Les Gaullistes ont toujours défendu une industrie forte, à la pointe de l’innovation, contribuant à l’indépendance nationale et à la diffusion du progrès auprès du plus grand nombre. C’est en s’inscrivant dans cette lignée que le Président Sarkozy a fixé pour objectif d’augmenter de 25% la production industrielle de la France d’ici 2025.
En effet, on assiste à un recul préoccupant de l’activité industrielle en France. Depuis l’an 2000, l’investissement industriel a baissé de 35% ; notre pays a perdu 500.000 ouvriers ; la part des branches industrielles dans le PIB est passée de 18% à 12%. Or, l’industrie est le socle d’une économie solide, le garant de la croissance durable dans notre pays, notamment parce qu’elle stimule la recherche et l’innovation.

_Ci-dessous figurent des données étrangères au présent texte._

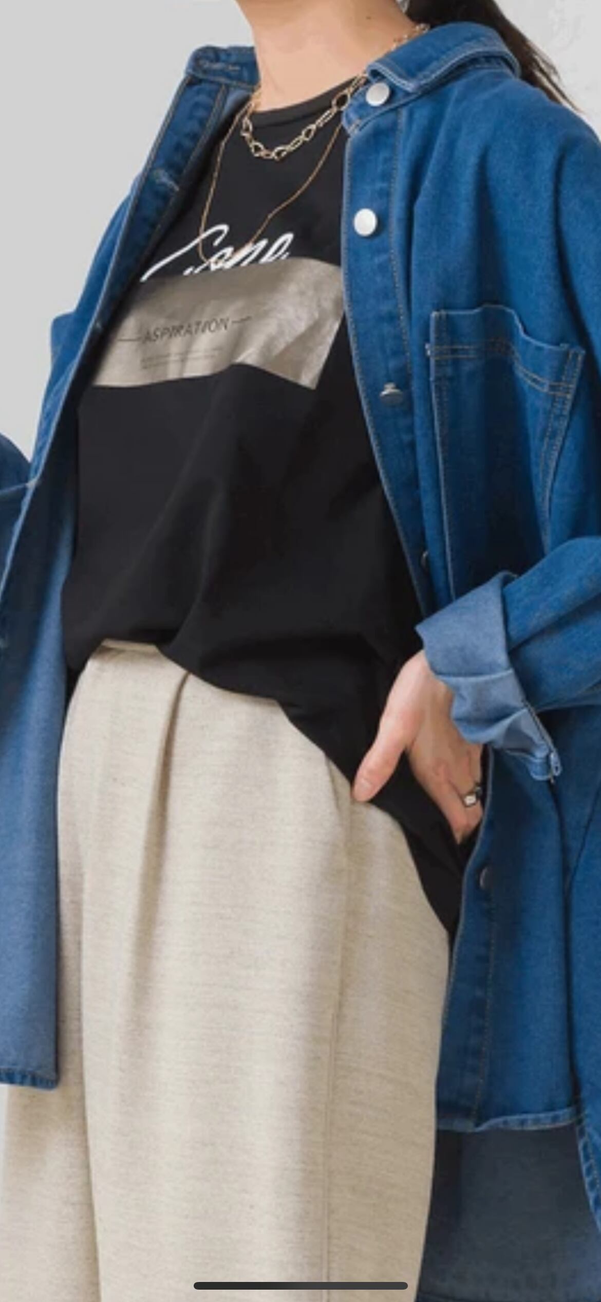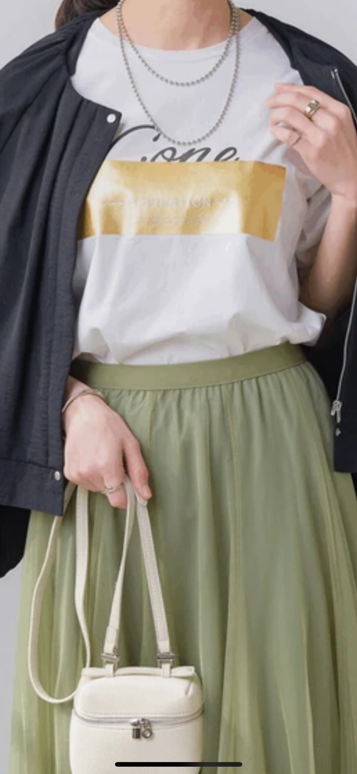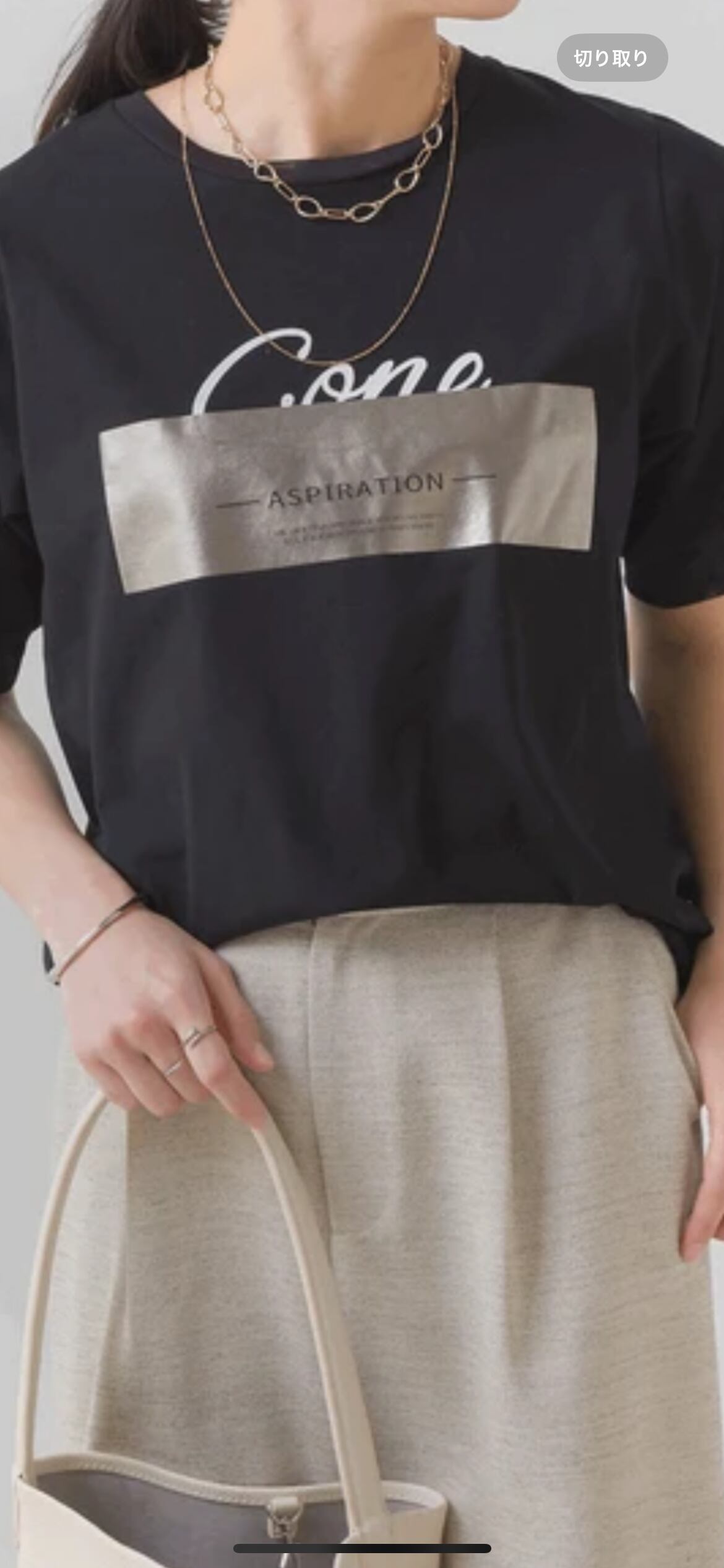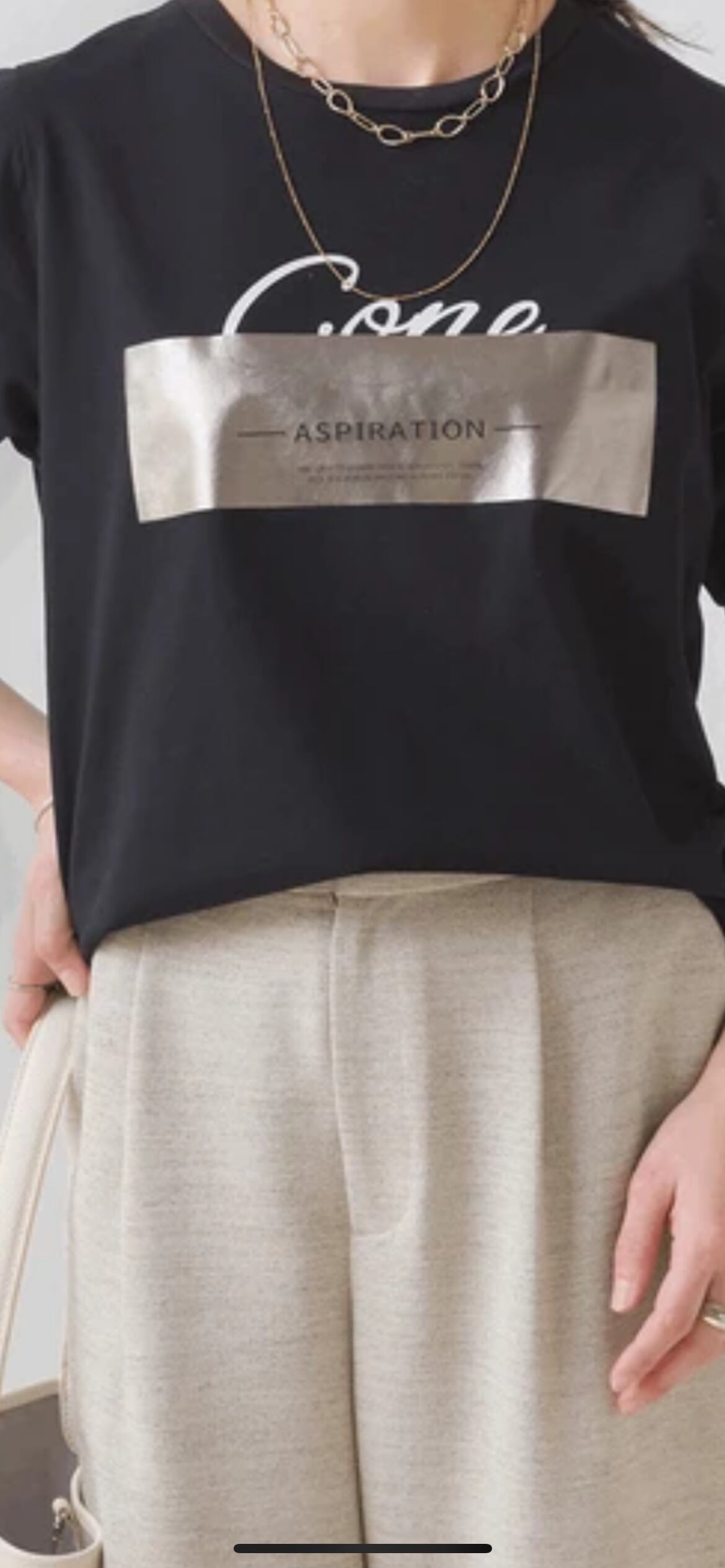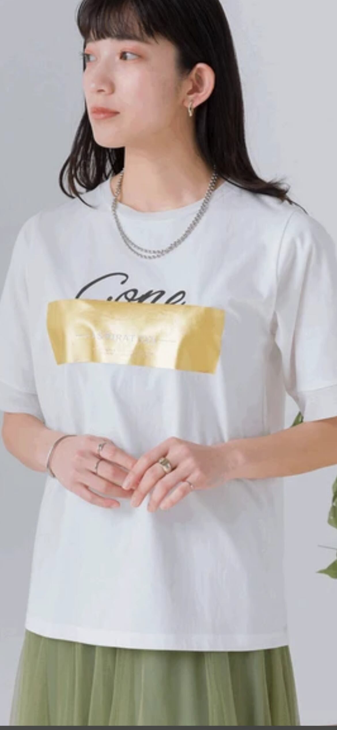 春に煌めく箔プリントが施されたデザインTシャツです。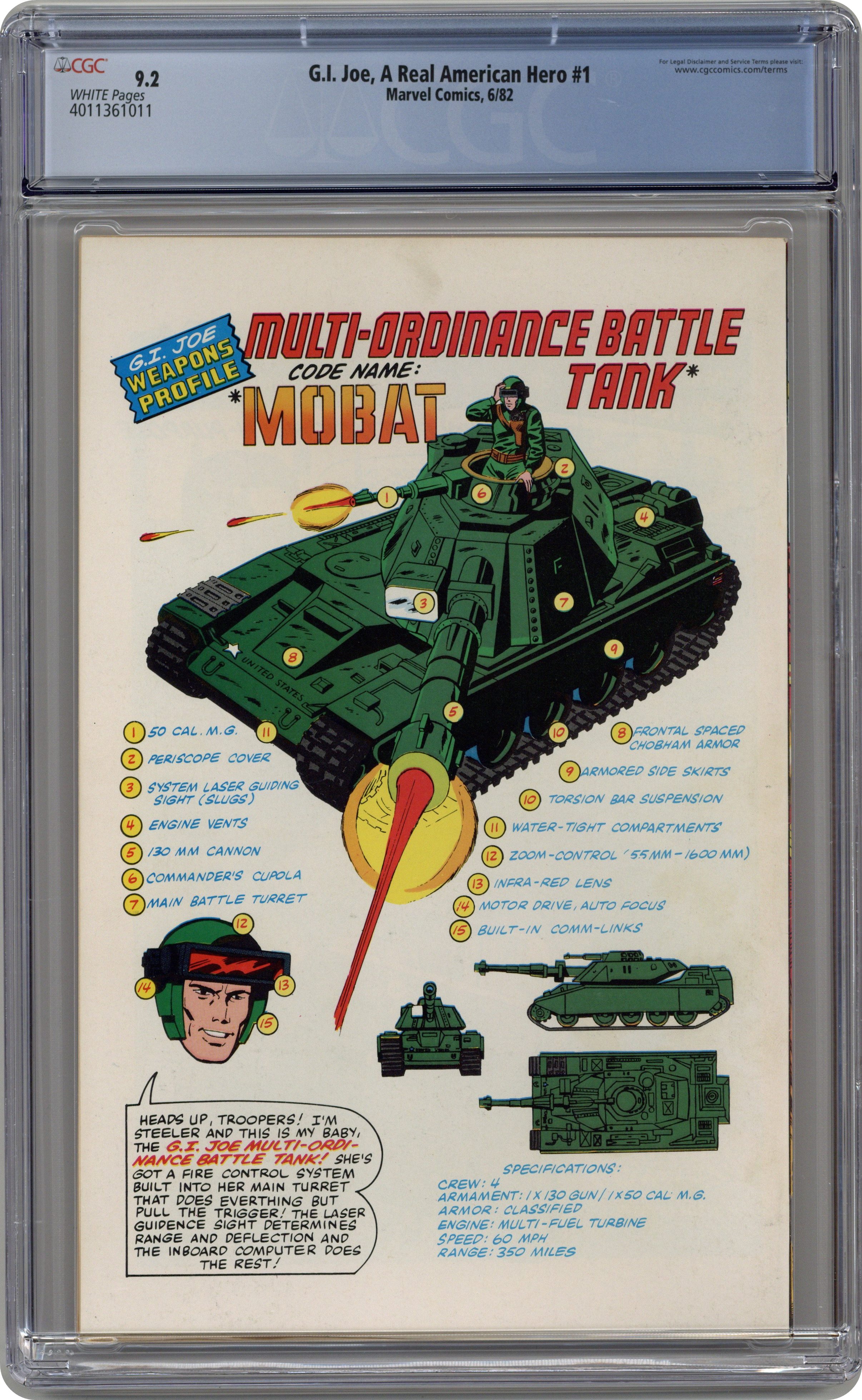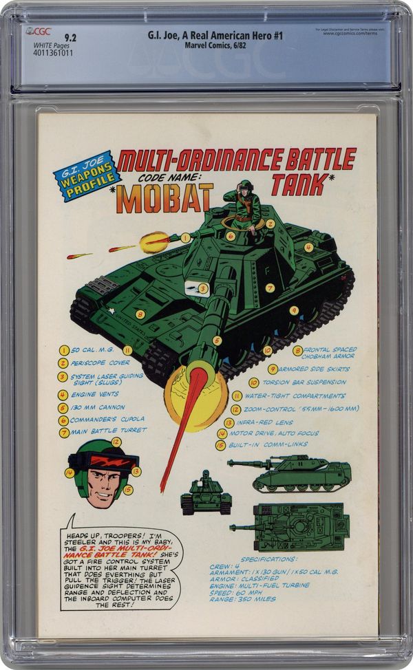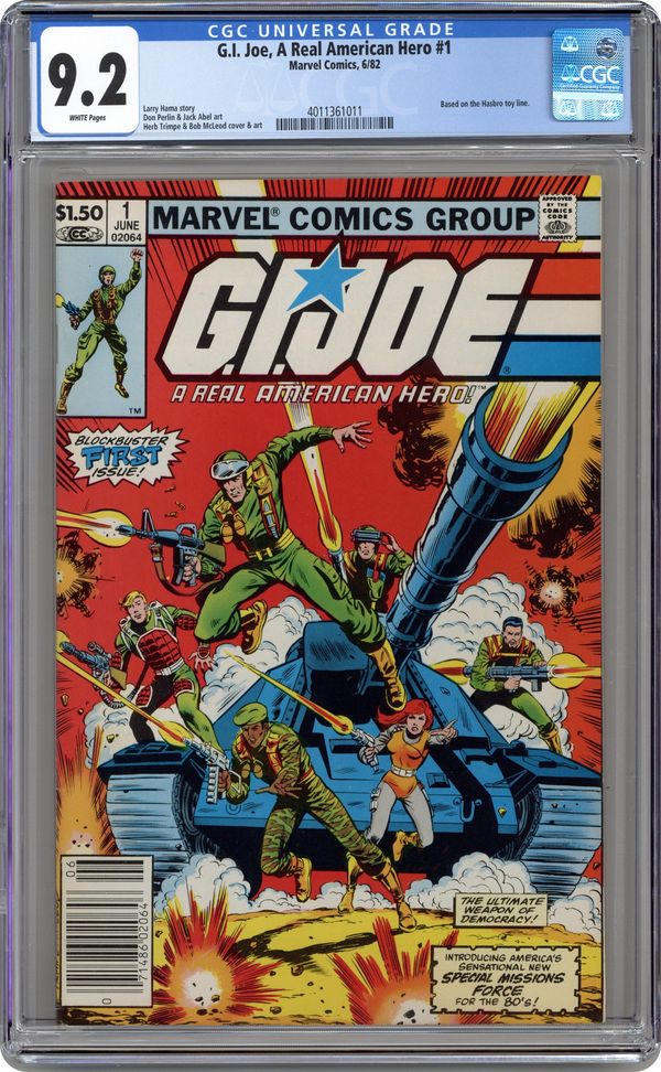 Newsstand Edition. Giant size issue - "Operation: Lady Doomsday!" Written by Larry Hama. Art by Herb Trimpe and Bob McLeod. Cobra is a sinister terrorist organization bent on world domination! There is only one thing standing in their way - GI Joe, the free world's elite strike force and a band of highly trained super soldiers who fight for freedom, justice and the American way. Yo, Joe! 1st appearance of Hawk, Snake-eyes, Scarlett, Clutch, Rock 'n' Roll, Stalker, Breaker, Flash, Grand Slam, Short-Fuse, Grunt, Cobra Commander and the Baroness. Includes back-up story "Hot Potato!" Written by Larry Hama. Art by Don Perlin and Jack Abel. Starring Snake-eyes, Scarlett, and Rock 'n' Roll. Also includes a 2-page diagram of "The Pit," the G.I. Joe Command Center. 52 pages, FC. Cover price $1.50. Grade: CGC 9.2 explanation of grade Condition: Used (collectible)
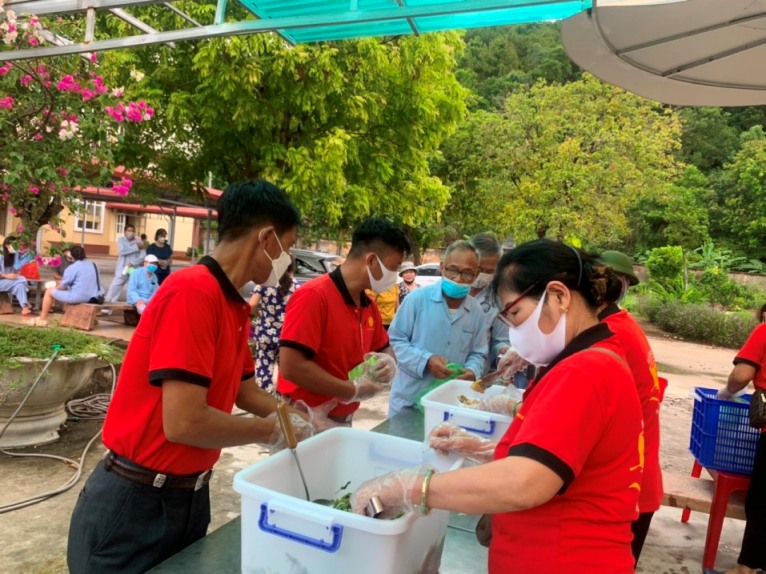 Các thành viên Bếp cơm-cháo bác ái Caritas Hải Phòng mừng Lễ Thánh Mácta Quan thầy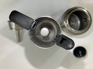 Caffettiera Manhattan o ManHAttan, di Goffredo Reggiani, anni '70, mai usata, ancora con etichetta adesiva sul corpo. Altezza 21cm, da 2 tazze, in inox, peso 340 grammi.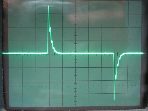 Do wejścia oscyloskopu wpinamy trójnik BNC. Pod jedno wejście trójnika doprowadzamy sygnał z generatora fali prostokątnej 1MHz (albo lepiej 1MHz ale krótkie szpileczki czyli z niewielkim wypełnieniem). Generator można zrobić na kwarcu i bramkach a gdy chcemy szpileczki to użyjmy dodatkowo układu 74121.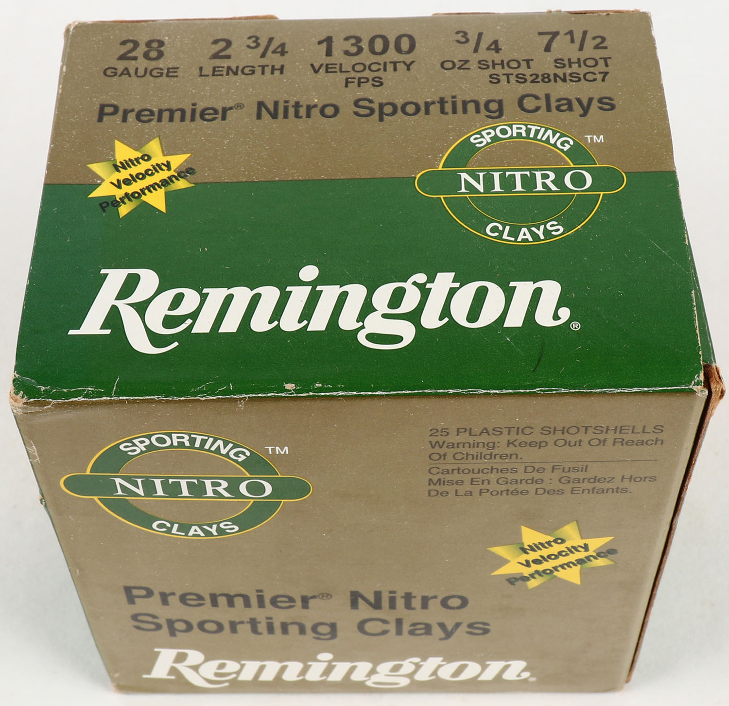 Remington, Premier Nitro Sporting Clays, 28ga., 2 3/4'', 1pc., Full, shot size 7 1/2, multi-colored box, box is very solid with great colors, plastic shells are excellent. Grade: Excellent ++ - Value: 10 to 40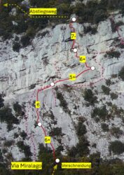 Zudem ist die Miralago sehr abwechslungsreich, da sie mit einer Verschneidung, Platten und steiler Wandkletterei divers durch die Wand zieht. Herzstück ist ein genussvoller 30 Meter langer Quergang an Untergriffsschuppen, der auch eine variable Stehtechnik erfordert. Nach oben hin spitzt sich die Tour immer mehr zu und führt über einen athletischen Überhang in eine plattige Wand. Hier geht es nochmal richtig zur Sache und verlangt beherzte Freikletterei, um die letzten Klettermeter zu meistern.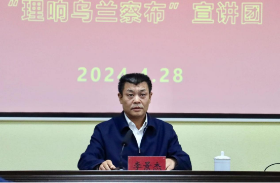 4月28日下午,“理响乌兰察布”宣讲团走进beat365正版唯一官方网站宣讲全国两会精神,宣讲团成员、乌兰察布市委党校科研办主任凌宏波同志围绕全国两会精神作示范宣讲。校领导、党委委员,各党总支、直属党支部书记、宣传委员,各职能部门主要负责人,学校宣讲团成员,马克思主义学院全体教师,校党委宣传部全体人员现场聆听宣讲报告。报告会由校党委副书记李景杰主持。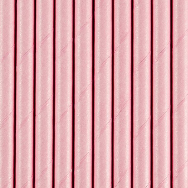 Słomki papierowe w kolorze jasnoróżowym, długość około 19,5 centymetra.(1 karton / 50 op.)(1 op. / 10 szt.)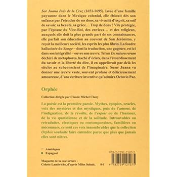 L'histoire de cette enfant d'une famille paysanne, née d'un père basque et d'une mère mexicaine, relève des miracles que la société politique ou religieuse pouvait parfois offrir en transgressant les codes et les inégalités. Dès son plus jeune âge, Juana Inès éblouit par l'étendue de ses dons et son goût de l'étude - elle apprend à lire à trois ans, étudie le latin sans professeur -, par l'étendue de sa curiosité, et bientôt par l'éclat de sa beauté. Aussi sa précocité confondante attire-t-elle l'attention de la Cour du Vice-roi : elle y trouve des appuis, et parfait son éducation au couvent de San Jerónimo. Qui plus est, elle s'adonne à des études diverses, notamment dans le domaine des sciences, excitant aussitôt la méfiance des autorités ecclésiastiques. Cet appétit de connaissances, son charme et sa culture font du couvent, où elle reçoit la meilleure société, ainsi que lettrés et savants autour de la gourmande cérémonie du chocolat à la mexicaine, un lieu raffiné. Son grand poème, Premier Songe, que nous donnons ici dans son intégralité, illustre le conceptisme, dans l'affrontement des métaphores, des éclats, des effets pour le moins inattendus des comparaisons, des évocations, l'étourdissement du savoir, le baroque échevelé - nous sommes au temps où Góngora l'impose, mais rigoureux et sévère, en Castille. L'inspiration du Songe en appelle à la fois à Lucrèce comme, par-delà les siècles, au fantastique surréaliste ! Une gageure de traduction tenue haut la main par Jean-Luc Lacarrière. Auteur de théâtre, passionnée de musique, étourdissante de savoir, elle écrit ensuite des poèmes de forme classique, d'une perfection et d'une liberté d'inspiration souvent profane et délicieusement amoureuse, qu'admira Octavio Paz. Puis, Sor Juana Inès tomba dans une sorte de renoncement à tout, avant de mourir, avec la plupart de ses compagnes, lorsque Mexico fut frappé par une épidémie de peste.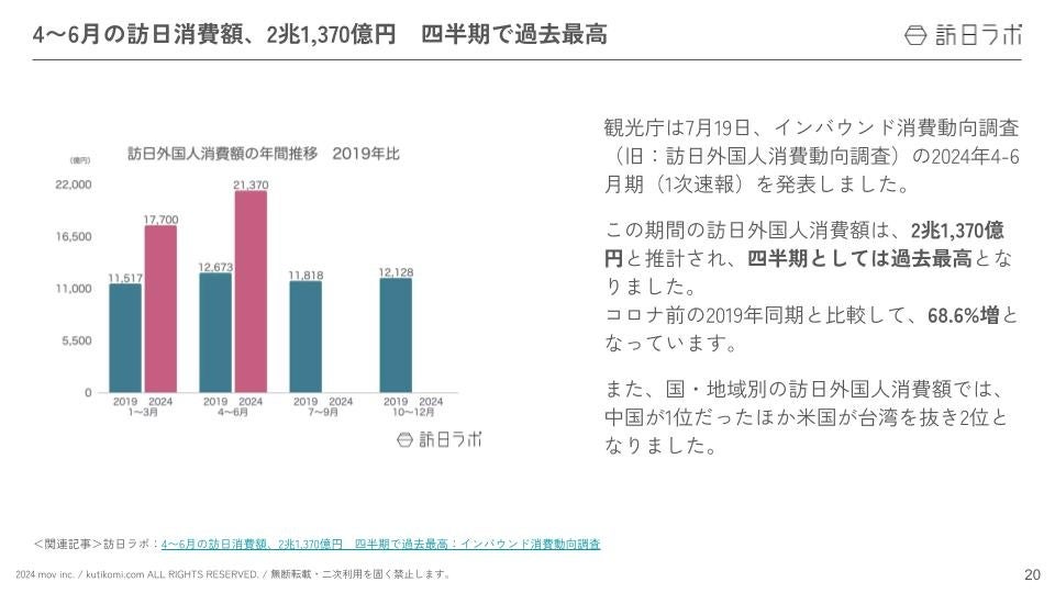 4〜6月の訪日消費額、2兆1,370億円 四半期で過去最高

Aujourd’hui, notre pays doit relever un double défi : conforter durablement ses activités motrices, comme l’aéronautique, l’automobile et l’agroalimentaire ; développer et si possible prendre la tête de nouveaux secteurs porteurs, comme les industries vertes et les industries de haute technologie. Ces deux domaines offrent à la fois un fort potentiel et des perspectives intéressantes en termes de valeur ajoutée.
Si la mondialisation des flux financiers, l’évolution technologique et les nouvelles formes de communication ont bouleversé les cadres, c’est bien le même esprit de conquête que celui des années de Gaulle et Pompidou qui doit nous animer.
Dans cette perspective, l’Etat doit assumer pleinement son rôle d’aiguilleur. En effet, il est le seul à disposer à la fois de la vision stratégique, de la légitimité et du sens de l’intérêt général nécessaires à l’impulsion d’une dynamique globale et cohérente. Il lui revient de créer, dans la durée, un environnement économique favorable :
- Doter notre pays des grandes infrastructures nécessaires à son ambition industrielle. Naguère, le Général de Gaulle et le Président Pompidou ont impulsé la construction de grandes voies de communication comme le réseau autoroutier et le TGV qui ont eu un rôle déterminant dans le développement de notre pays. Aujourd’hui, outre le fret ferroviaire, la modernisation du fonctionnement de nos ports, l’un des défis à relever est celui de l’internet à très haut-débit, avec la nécessité d’acheminer la fibre optique dans toutes les entreprises.
- Proposer un cadre économique respectueux des ouvriers qui, concrètement, sont ceux qui créent la richesse. Par leur participation au capital, aux bénéfices et aux prises de décisions, on agit pour que toutes les énergies de l’entreprise soient mobilisées pleinement et derrière la même ambition.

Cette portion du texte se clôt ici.